Prologue - Spoken by Mr. Wilks
WHEN strife disturbs, or sloth corrupts an age, Keen satire is the business of the stage. When the Plain-Dealer writ, he lash’d those crimes, Which then infested most - the modish times: But now, when faction sleeps, and sloth is fled, And all our youth in active fields are bred; When through Great Britain’s fair extensive round, The trumps of fame, the notes of UNION sound; When Anna’s sceptre points the laws their course, And her example gives her precepts force: [10] There scarce is room for satire; all our lays Must be, or songs of triumph, or of praise.

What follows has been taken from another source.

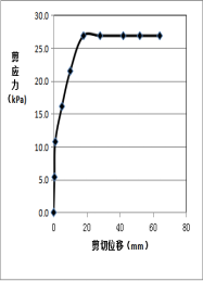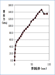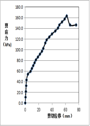 图5 DJ2试验点剪应力与剪切位移关系(法向应力依次为0、43、86kPa)

But as in grounds best cultivated, tares And poppies rise among the golden ears; Our product so, fit for the field or school, Must mix with nature’s favourite plant - a fool: A weed that has to twenty summers ran, Shoots up in stalk, and vegetates to man. Simpling our author goes from field to field, And culls such fools as many diversion yield {20] And, thanks to Nature, there’s no want of those, For rain or shine, the thriving coxcomb grows. Follies to-night we show ne’er lash’d before, Yet such as nature shows you every hour; Nor can the pictures give a just offence, For fools are made for jests to men of sense.